The Parti Quebecois has suggested holding the next provincial election on October 3, 2016, on Rosh Hashanah, meaning Jews may not be able to vote.
The Liberals are outraged; they say the PQ is being intolerant.
“The issue of intolerance, please, give me a break,” said Democratic Institutions Minister Bernard Drainville. “The main issue here is not a Jewish holiday. That’s not the issue. The issue here is the principle of not setting the election date according to the different holidays. There’s more than 100 religious holidays in the calendar.”
Drainville argued if you start making exceptions for one group, you’ll have to make them for every group.
Jack Jedwab from the Association of Canadian Studies told Global News he supports fixed election dates but thinks the PQ may be acting in bad faith.
“It’s best if despite the merits of fixed election dates it doesn’t result in the exclusion of some groups on the basis of their convictions,” Jedwab said.

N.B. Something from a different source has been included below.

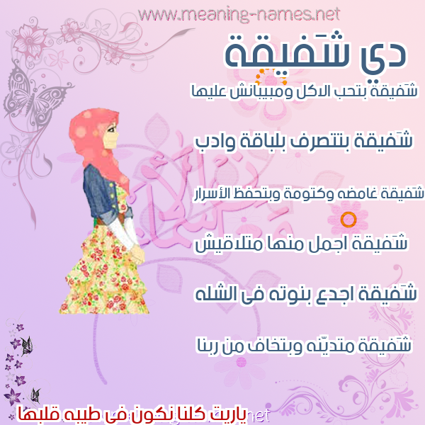معنى اسم شَفيقة في قاموس المعاني و الأسماء

Liberal leader Philippe Couillard believes there is at least one solution:
“There’s a solution that has been adopted by other provinces, where instead of saying it’s going to be that day, you say at the start of the next legislature the Premier and the government will determine within that interval what the date of the election will be. It’s a very simple amendment,” he explained.
An amendment his party has already tabled. But on Friday, the Coalition Avenir Québec (CAQ) joined the PQ in voting it down. Drainville insisted there is no accommodation to be made.
“It’s already possible for someone who wants to vote before the election date to do so,” said Drainville. “You can either vote by anticipation or at the office of the Chief electoral officer.”
The question of voting in 2016 is still theoretical. With Pauline Marois’ minority government in a fragile position, Quebecers are likely to be called for a vote sooner, probably in the next 6 to 8 months.